We have a storage bucket which has sensitive data stored in it, in the form of JSON files. For a PCI compliance, we have to make these files read only.
Versioning will be enabled on the bucket so Retention policy can not be used.
I tried keeping only one account in the bucket permissions with Read Only access, that (not really) partially serves the purpose. But any user with Editor or Owner role can edit the file permissions and change it back to Editable and modify the file.
How to restrict anyone and everyone to not be able to edit or modify the file GCP?
Is this technically possible with Google Cloud Platform?

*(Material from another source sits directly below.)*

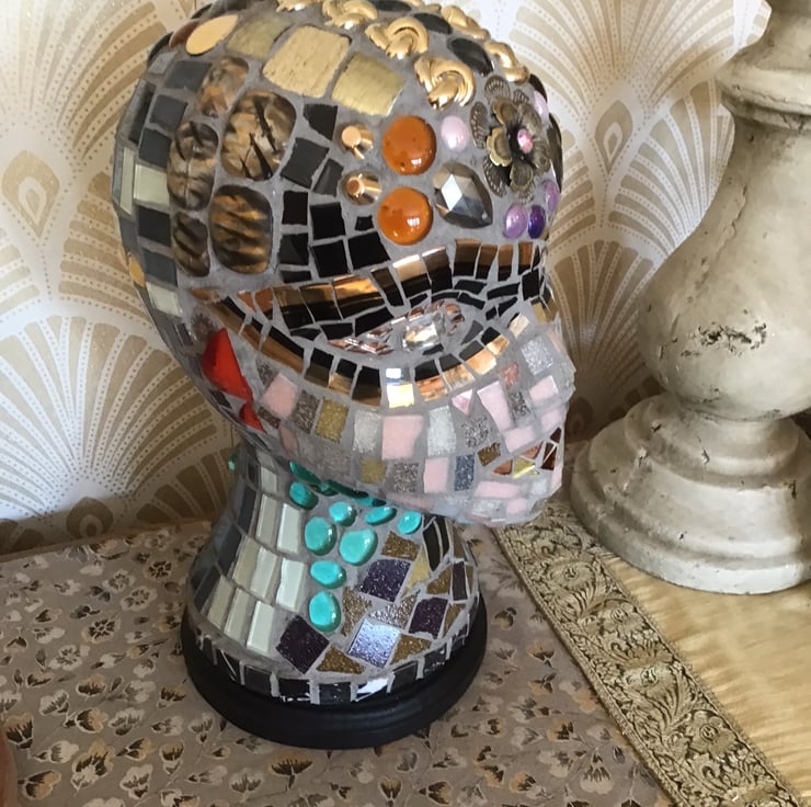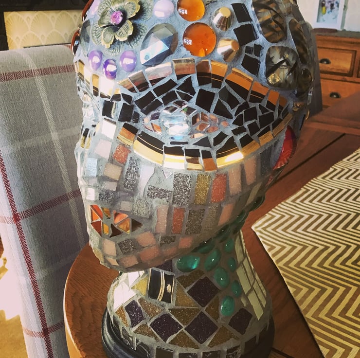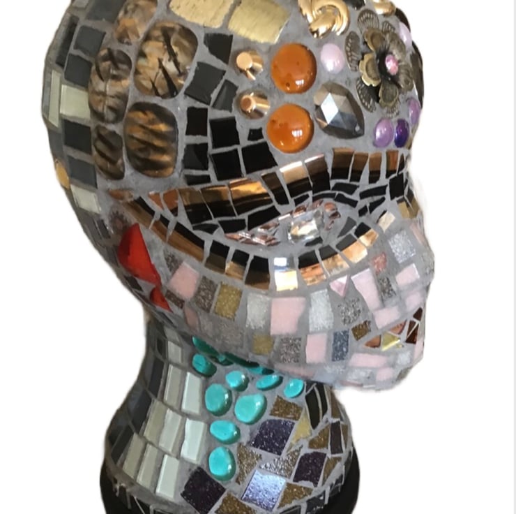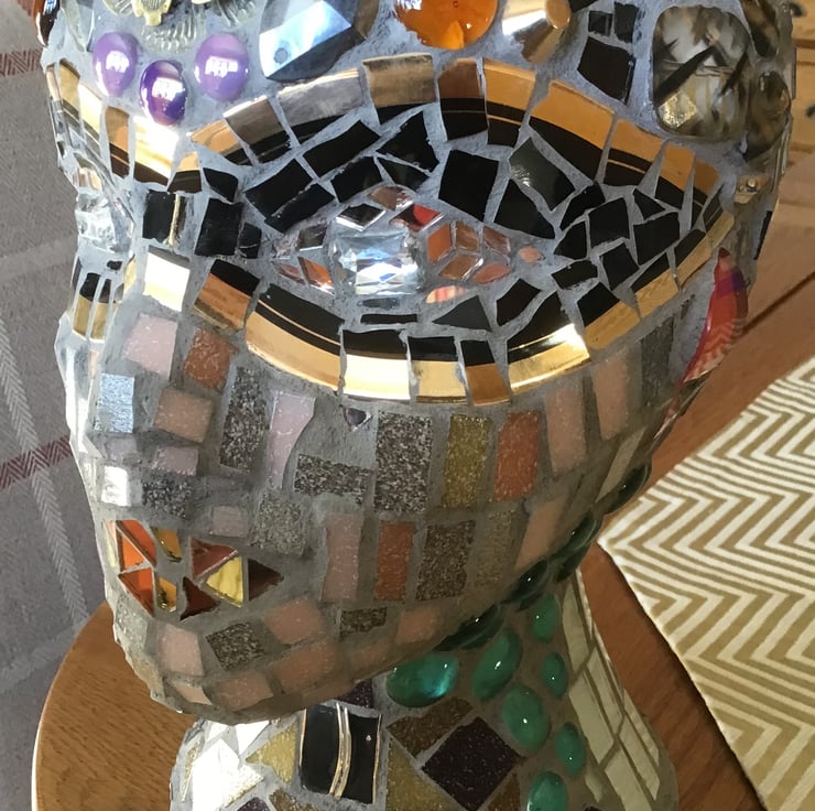 Lovely mosaic head, in bronze and gold theme, looks fantastic on a shelf or sideboard. Would be an interesting conversation piece ! Very unusual gift . Has a mahogany plinth,that has been felted beneath for protection. The materials used are glass, ceramic, jewellery,and waterproof grout.

If not, how to reduce access to a file as minimum as possible?
EDIT
I am not sure if we would compulsorily enable versioning, I will discuss this with the team (once they are available) and mention the same in the question.

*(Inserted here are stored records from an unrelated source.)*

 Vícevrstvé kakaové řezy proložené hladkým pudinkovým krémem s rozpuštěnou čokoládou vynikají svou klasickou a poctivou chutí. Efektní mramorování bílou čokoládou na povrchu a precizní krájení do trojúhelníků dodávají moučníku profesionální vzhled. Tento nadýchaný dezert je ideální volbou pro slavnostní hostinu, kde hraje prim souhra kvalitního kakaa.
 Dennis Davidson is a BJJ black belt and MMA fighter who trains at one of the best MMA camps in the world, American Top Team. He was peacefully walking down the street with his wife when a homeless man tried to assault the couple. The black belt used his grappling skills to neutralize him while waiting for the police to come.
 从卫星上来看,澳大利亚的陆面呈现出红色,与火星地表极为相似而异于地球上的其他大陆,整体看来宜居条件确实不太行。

So answers which consider "versioning will not be enabled" or ignore versioning completely, are also welcomed.
The following answer assumes that you will choose to disable versioning, as it is not compatible with retention policies.

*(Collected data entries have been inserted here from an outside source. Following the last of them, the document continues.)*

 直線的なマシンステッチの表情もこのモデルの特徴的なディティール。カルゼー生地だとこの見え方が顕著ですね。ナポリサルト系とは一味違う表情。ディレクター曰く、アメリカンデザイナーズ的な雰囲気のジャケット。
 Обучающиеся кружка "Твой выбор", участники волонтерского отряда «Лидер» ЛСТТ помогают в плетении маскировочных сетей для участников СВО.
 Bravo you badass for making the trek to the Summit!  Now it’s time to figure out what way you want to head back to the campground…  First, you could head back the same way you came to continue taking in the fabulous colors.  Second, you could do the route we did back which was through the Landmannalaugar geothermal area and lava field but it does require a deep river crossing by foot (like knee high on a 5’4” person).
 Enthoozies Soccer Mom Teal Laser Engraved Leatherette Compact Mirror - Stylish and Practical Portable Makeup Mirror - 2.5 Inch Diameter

You may want GCS's Bucket Lock feature. Placing a retention policy on a bucket ensures that all current and future objects in the bucket cannot be deleted or overwritten until they reach the age you define in the retention policy, which sounds like what you want. Once you have enabled it and verified that it works correctly with your workflow, you can lock the policy in place to irrevocably revoke your ability to remove objects before the specified retention date.
This is a serious decision for an existing bucket, so I'd read up on it before turning it on: https://cloud.google.com/storage/docs/bucket-lock
Once you've decided to enable it, you can do so from the console or by using gsutil:
gsutil retention set 1y gs://my-bucket-name # 1y = 1 year
Once you're happy and want to make it permanent:
gsutil retention lock gs://my-bucket-name
As mentioned at the top, this feature is incompatible with another object preservation option: versioning. However, this is usually not a problem, as the most common use case of versioning is to prevent accidental deletion, and if your goal is to prevent any possibility of deletion, versioning is unnecessary.